3-methyl-4-nitrophenol disturbs the maternal-to-zygotic transition of early embryos by damaging mitochondrial function and histone modification.

3-methyl-4-nitrophenol (PNMC), a chemical prevalent in various industries for drug, dye, and leather production, also serves as a primary byproduct of organophosphate insecticides. Despite its global recognition as an endocrine disruptor with documented reproductive toxicity, its detrimental impact on preimplantation embryonic development has yet to be thoroughly investigated. In this study, through the in vitro culture of mice embryos, it was initially observed that even low concentrations of PNMC exposure led to a significant reduction in blastocyst formation and a sharp decline in the ratio of inner cell mass within the blastocysts. SMART-seq2 transcriptome sequencing further confirmed that PNMC treatment disrupted global gene expression in 2-cell embryos, with differentially expressed genes enriched in multiple signaling pathways, including those related to autophagy, apoptosis, fertilization, embryonic development, transcription, and mRNA processing.

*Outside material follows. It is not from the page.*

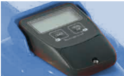
Système de pesage électronique permet.

Integration of transcriptome data with open databases revealed that both zygotic genome activation genes and maternal factors experienced significant transcript-level disruptions. Moreover, the study demonstrated that these gene expression changes were closely associated with mitochondrial dysfunction, evidenced by diminished mitochondrial membrane potential, reduced ATP production, aberrant expression of mitochondria-related genes, increased ROS accumulation, and heightened DNA damage in PNMC-treated embryos. Additionally, PNMC exposure induced defects in histone modification, as shown by altered levels of H3K9me3 and H3K27me3, H3K9ac and H3K27ac. Lastly, the findings indicated that PNMC triggered apoptosis in embryos, validated by elevated BAX and CASPASE3 expression, alongside positive TUNEL staining. In summary, PNMC exposure impairs the maternal-to-zygotic transition, likely through mitochondrial dysfunction and histone modification, culminating in developmental arrest and apoptosis in mouse preimplantation embryos.